■ ACTIVITY:
Below are the records. Retype exactly the lines between the lines holding "鎖定時間越久,會獲得越多 veSCA 。" and "Includes cast iron", inclusive.

■ DATA:

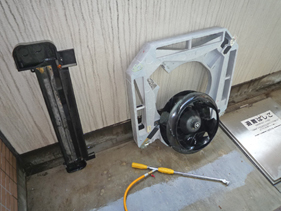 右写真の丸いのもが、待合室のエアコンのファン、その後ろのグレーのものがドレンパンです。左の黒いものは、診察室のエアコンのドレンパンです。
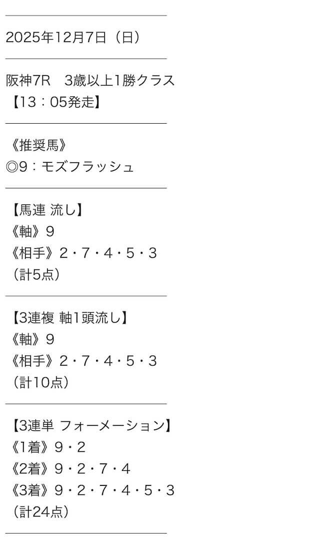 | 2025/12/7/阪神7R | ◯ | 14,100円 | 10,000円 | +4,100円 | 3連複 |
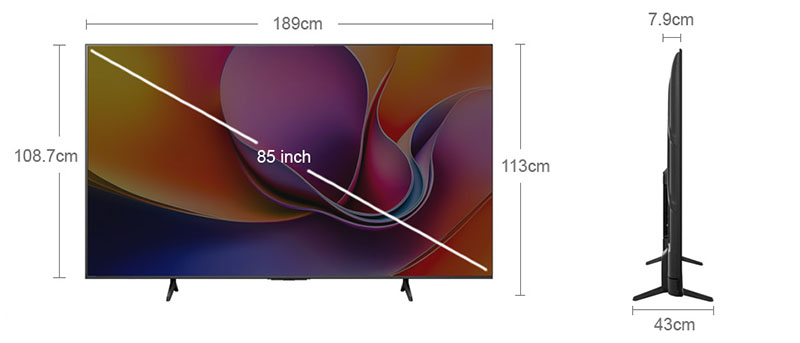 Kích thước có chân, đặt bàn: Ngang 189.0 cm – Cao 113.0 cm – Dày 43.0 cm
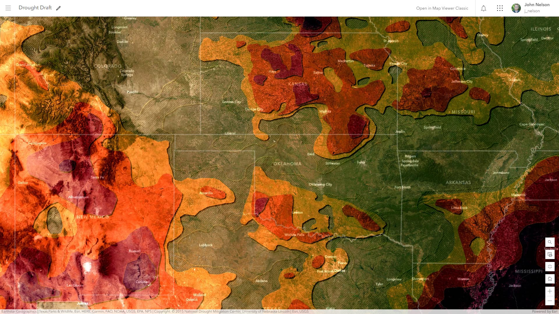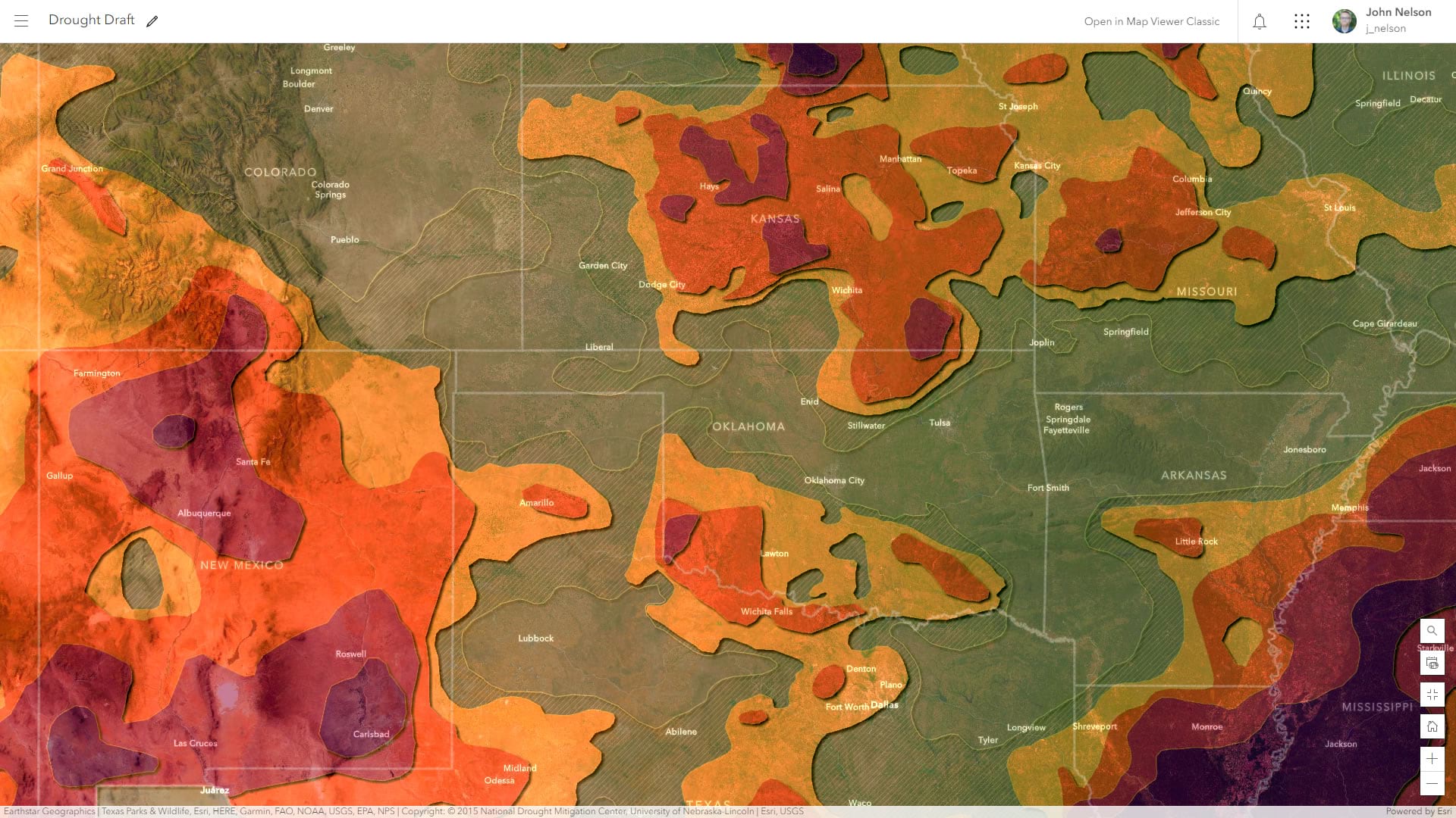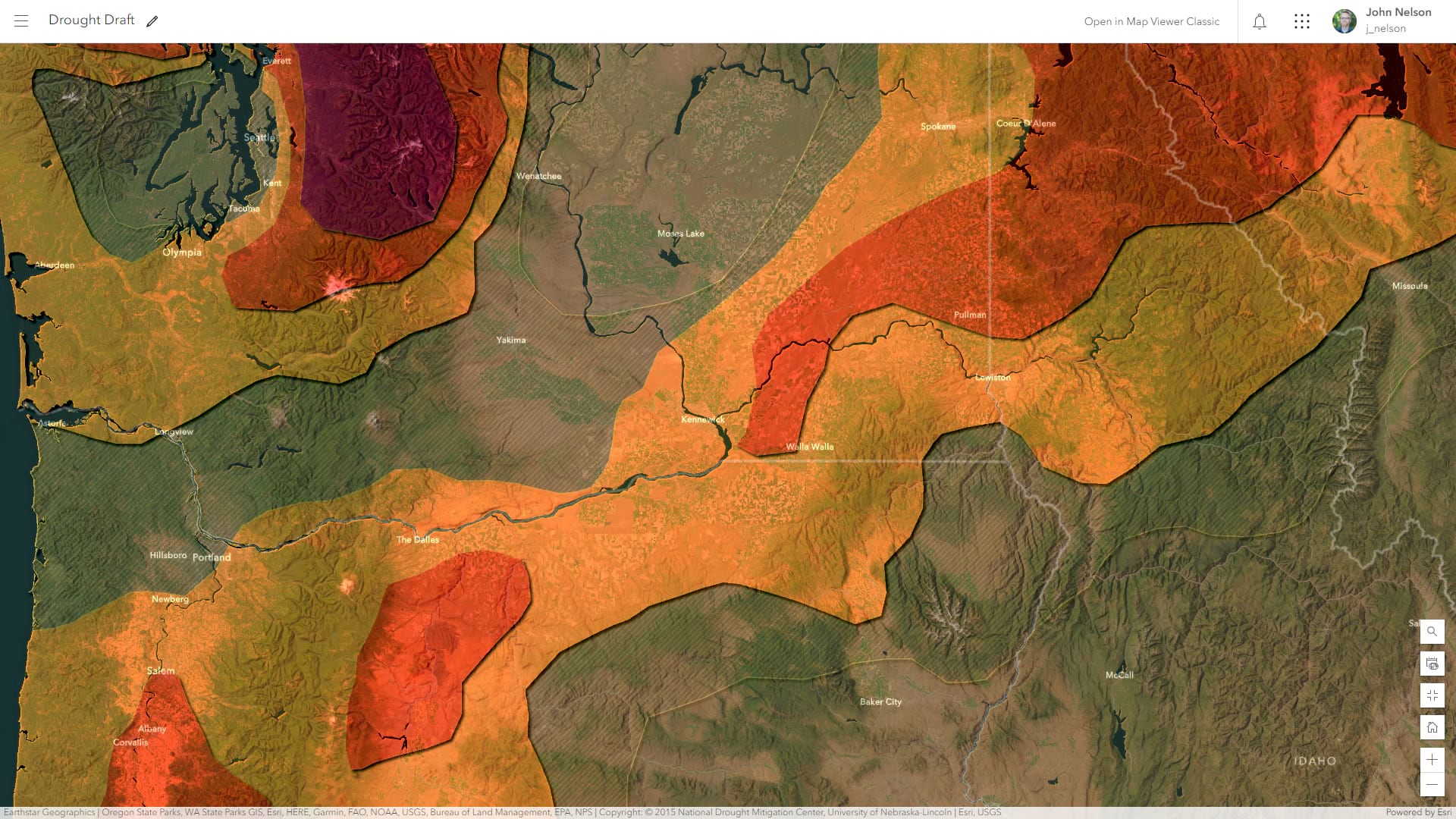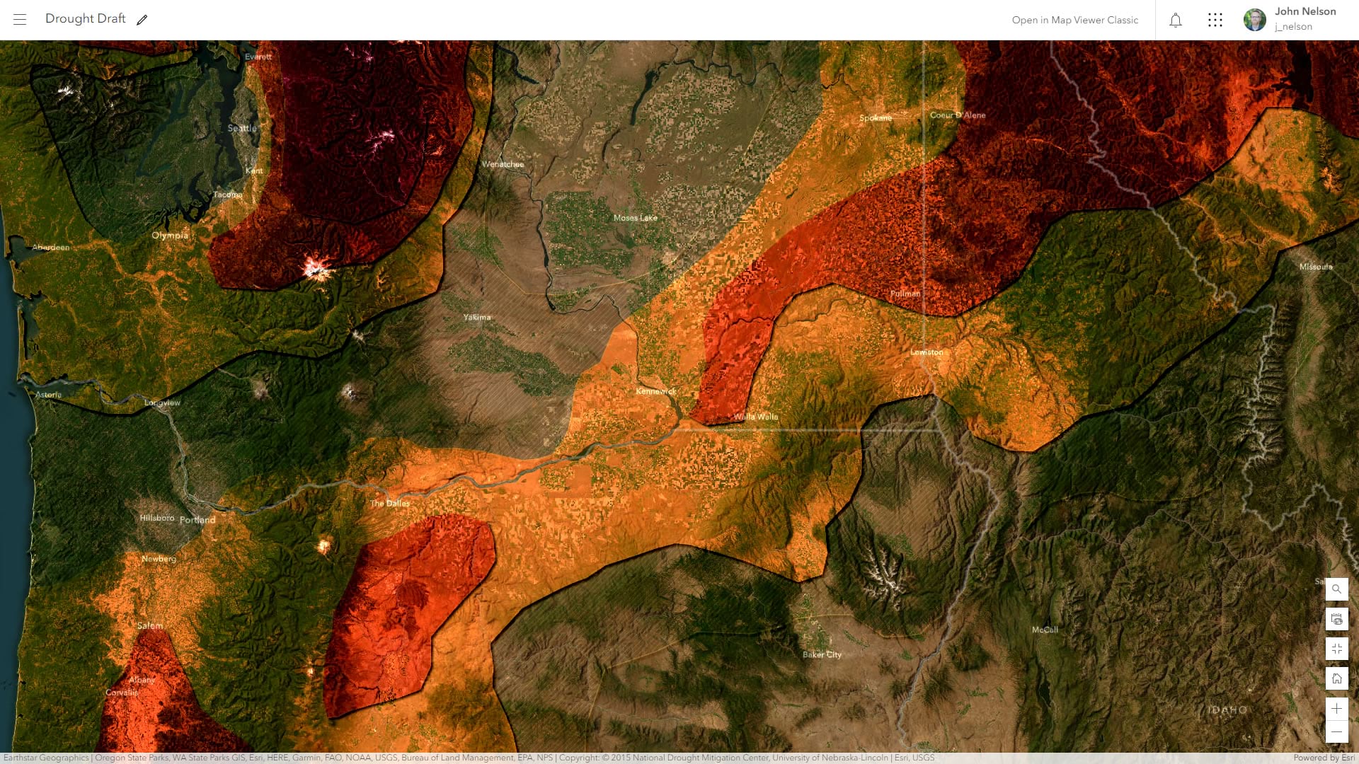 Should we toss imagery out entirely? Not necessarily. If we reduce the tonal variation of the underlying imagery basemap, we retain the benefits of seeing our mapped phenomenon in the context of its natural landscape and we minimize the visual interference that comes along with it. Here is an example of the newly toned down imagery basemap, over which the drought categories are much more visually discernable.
* * *
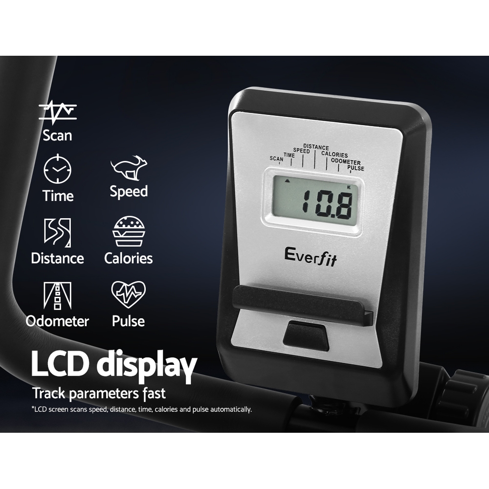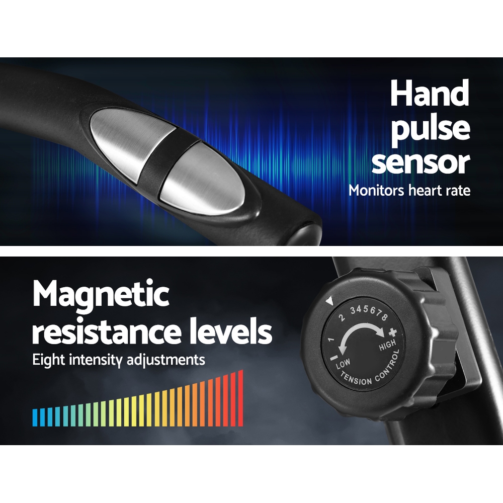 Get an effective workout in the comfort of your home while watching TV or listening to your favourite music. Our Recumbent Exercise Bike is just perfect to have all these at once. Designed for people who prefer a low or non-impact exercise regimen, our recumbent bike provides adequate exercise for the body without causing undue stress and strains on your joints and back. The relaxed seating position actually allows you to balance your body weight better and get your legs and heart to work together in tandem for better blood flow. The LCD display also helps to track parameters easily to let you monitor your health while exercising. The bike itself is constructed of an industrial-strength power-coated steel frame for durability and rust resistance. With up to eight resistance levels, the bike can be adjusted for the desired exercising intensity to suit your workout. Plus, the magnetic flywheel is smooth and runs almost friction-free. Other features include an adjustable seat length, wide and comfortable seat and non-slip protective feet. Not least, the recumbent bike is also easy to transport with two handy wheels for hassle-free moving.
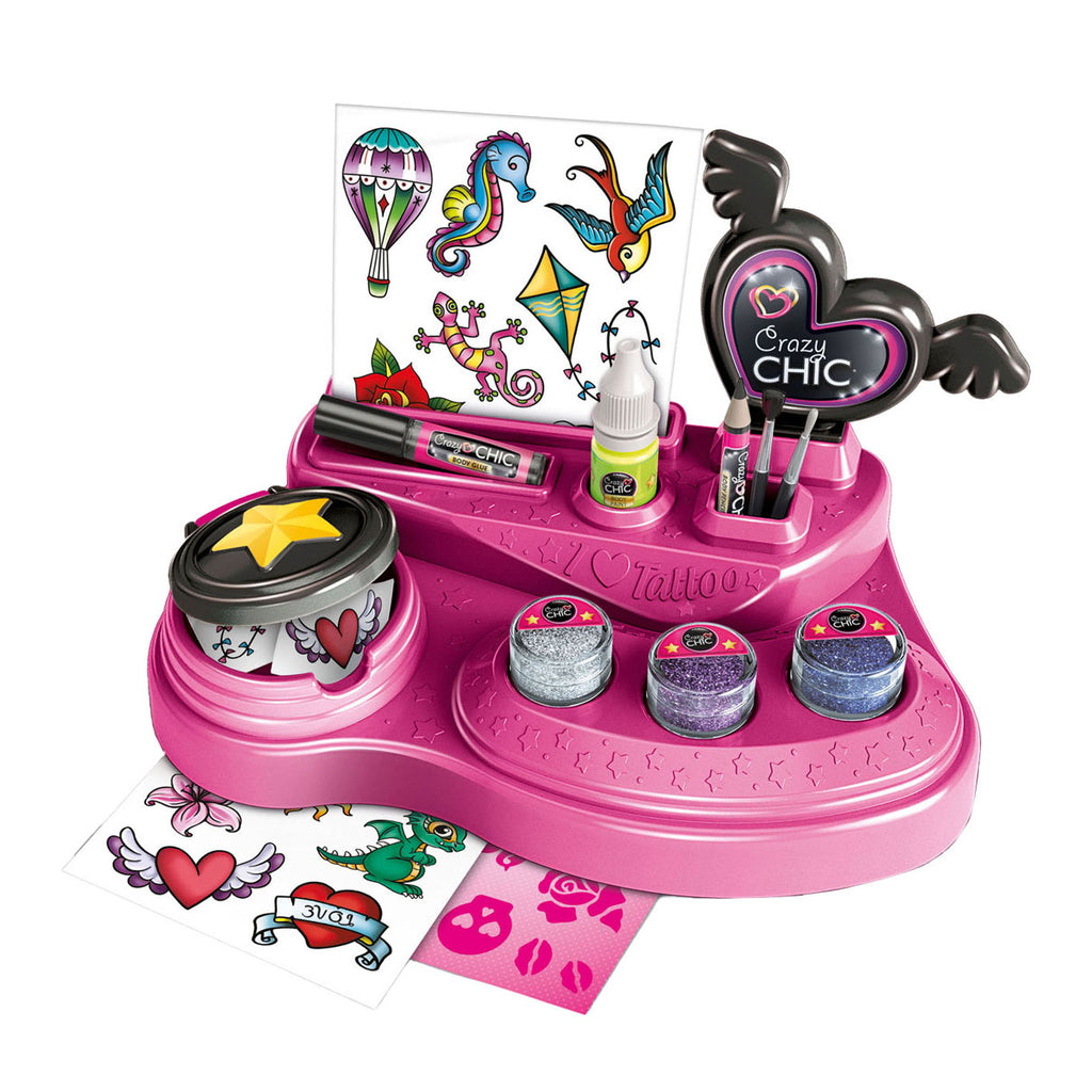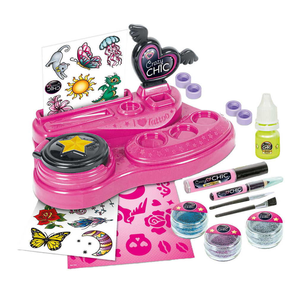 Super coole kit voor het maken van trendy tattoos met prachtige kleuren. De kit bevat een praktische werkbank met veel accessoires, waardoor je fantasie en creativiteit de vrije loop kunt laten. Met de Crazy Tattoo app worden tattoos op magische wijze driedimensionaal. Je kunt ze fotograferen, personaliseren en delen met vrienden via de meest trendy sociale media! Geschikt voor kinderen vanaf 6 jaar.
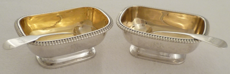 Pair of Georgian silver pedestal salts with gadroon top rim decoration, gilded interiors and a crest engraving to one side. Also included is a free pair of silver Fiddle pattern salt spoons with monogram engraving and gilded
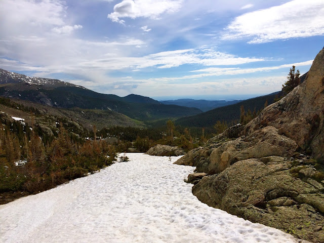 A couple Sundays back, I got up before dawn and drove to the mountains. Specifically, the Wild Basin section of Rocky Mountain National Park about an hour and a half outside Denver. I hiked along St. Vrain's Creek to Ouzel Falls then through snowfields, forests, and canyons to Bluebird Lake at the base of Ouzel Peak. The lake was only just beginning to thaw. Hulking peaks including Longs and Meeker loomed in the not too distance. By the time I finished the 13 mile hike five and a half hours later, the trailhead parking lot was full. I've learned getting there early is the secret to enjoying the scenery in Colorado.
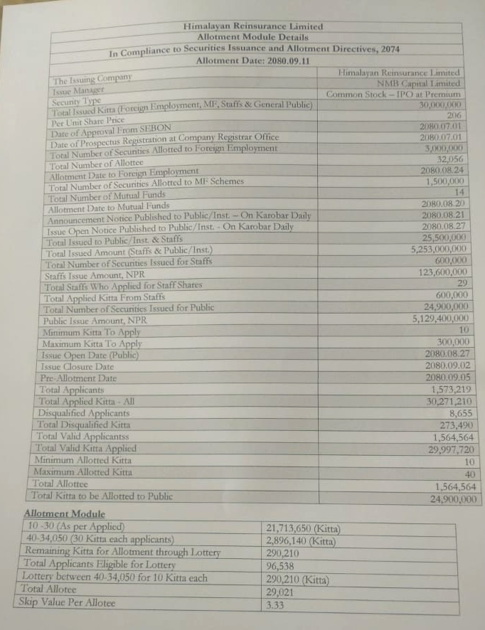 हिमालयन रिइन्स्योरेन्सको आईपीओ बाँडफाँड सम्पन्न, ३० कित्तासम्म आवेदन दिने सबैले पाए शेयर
* * *
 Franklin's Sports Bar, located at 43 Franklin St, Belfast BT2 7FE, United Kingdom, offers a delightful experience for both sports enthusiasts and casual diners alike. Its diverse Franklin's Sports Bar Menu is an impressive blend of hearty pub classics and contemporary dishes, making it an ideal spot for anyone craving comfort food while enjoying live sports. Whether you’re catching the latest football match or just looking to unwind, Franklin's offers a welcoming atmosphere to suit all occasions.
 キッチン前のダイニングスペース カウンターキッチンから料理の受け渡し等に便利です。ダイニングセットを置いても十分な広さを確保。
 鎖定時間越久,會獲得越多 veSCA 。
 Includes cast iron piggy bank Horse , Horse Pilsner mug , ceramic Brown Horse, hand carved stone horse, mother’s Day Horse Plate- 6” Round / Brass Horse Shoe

■ SOLUTION TO THIS PROBLEM:
 鎖定時間越久,會獲得越多 veSCA 。
 Includes cast iron piggy bank Horse , Horse Pilsner mug , ceramic Brown Horse, hand carved stone horse, mother’s Day Horse Plate- 6” Round / Brass Horse Shoe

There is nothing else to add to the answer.